Even if it's "implicit" I'm not sure if that matters that much. The point is that the model doesn't explicitly search anything, it just applies the learned transformation. If the weights of the learned transformation encode a sort of precomputed search and interpolation over the dataset, from an algorithmic perspective this still isn't search (it doesn't enumerate board states or state-action transitions).
>performing some function of the similarity of the input to those previously seen.
This is indeed what transformers do. But obviously it learns some sort of interpolation/extrapolation which lets it do well on board states/games outside the training set.
I agree, from a practical perspective what matters is that is distilling stockfish’s search to a certain extent, which could have computational efficiencies. “Without search” just means we’re not doing anything like minimax or MCTS.
If the Transformer was 'just' memorizing, you would expect width scaling to work much better than depth scaling (because width enables memorization much more efficiently), and you also wouldn't expect depth to run into problems, because it's not like memorization is that complex - but it does suggest that it's learning some more complicated algorithm which has issues with vanishing gradients & learning multiple serial steps, and the obvious complicated algorithm to be learning in this context would be an implicit search akin to the MuZero RNN (which, incidentally, doesn't need any symbolic solver like Stockfish to learn superhuman chess from scratch by self-play).
>We don’t know if it’s using implicit search either.
Sure
>it’s also possible it has just memorized the evaluations from 10M games and is performing some function of the similarity of the input to those previously seen.
That's not possible. The possible set of moves in chess is incredibly large and it is incredibly easy to play a game that has diverged from training. a model that has just memorized all evaluations would break within ten or so moves tops much less withstand robust evaluations.

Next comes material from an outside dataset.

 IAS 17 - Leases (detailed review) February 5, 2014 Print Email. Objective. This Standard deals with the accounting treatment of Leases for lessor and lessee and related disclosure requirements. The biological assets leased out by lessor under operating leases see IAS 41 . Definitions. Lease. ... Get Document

If it could reliably win a mate in N position without inexplicably blundering, I would be more inclined to buy your search hypothesis. But it doesn’t, which is one of the reasons the authors gave for finishing with stockfish. So whatever it’s doing is clearly lossy which an actual search would not be.
Neural nets memorize all sorts of things. They memorize ad clicks in high dimensional state spaces. Transformers trained on the whole internet can often reproduce entire texts. It’s lossy, but it’s still memorizing.

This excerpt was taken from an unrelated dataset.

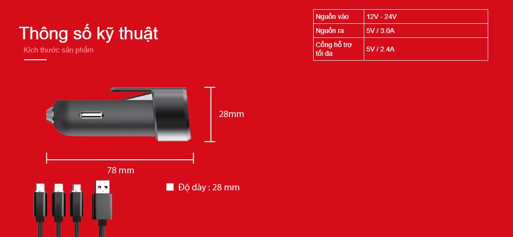 Tẩu sạc thoát hiểm đa năng VM31 với thiết kế dây nguồn thông minh 3 TRONG 1 hỗ trợ tương thích nhiều chuẩn kết nối thiết bị khác nhau: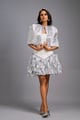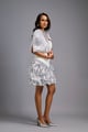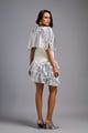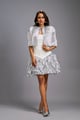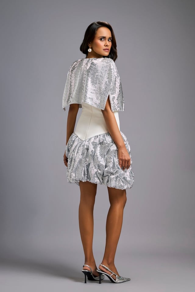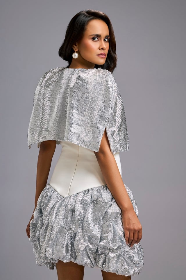 Strapless White Dress with Voluminous Shimmer Skirt & Cape

That seems like the simplest explanation for what’s happening here. There’s some sort of lossy memorization, not a search. The fact that the thing it has memorized is the result of a search doesn’t matter.
>If it could reliably win a mate in N position without inexplicably blundering, I would be more inclined to buy your search hypothesis.
I don't have a "search hypothesis". I don't know what strategy the model employs to play. I was simply pointing out that limited search learned by the transformer is not out of the question. Stockfish finishing is not necessary to play chess well above the level a memorization hypothesis makes any sense. This is not the first LLM chess machine.
>Neural nets memorize all sorts of things. They memorize ad clicks in high dimensional state spaces. Transformers trained on the whole internet can often reproduce entire texts. It’s lossy, but it’s still memorizing.
Intelligent things memorize. Humans memorize a lot. I never said the model hasn't memorized a fair few things. Many human chess grandmaster memorize openings. What i'm saying is that it's not playing games via memorization any more than a human is doing the same.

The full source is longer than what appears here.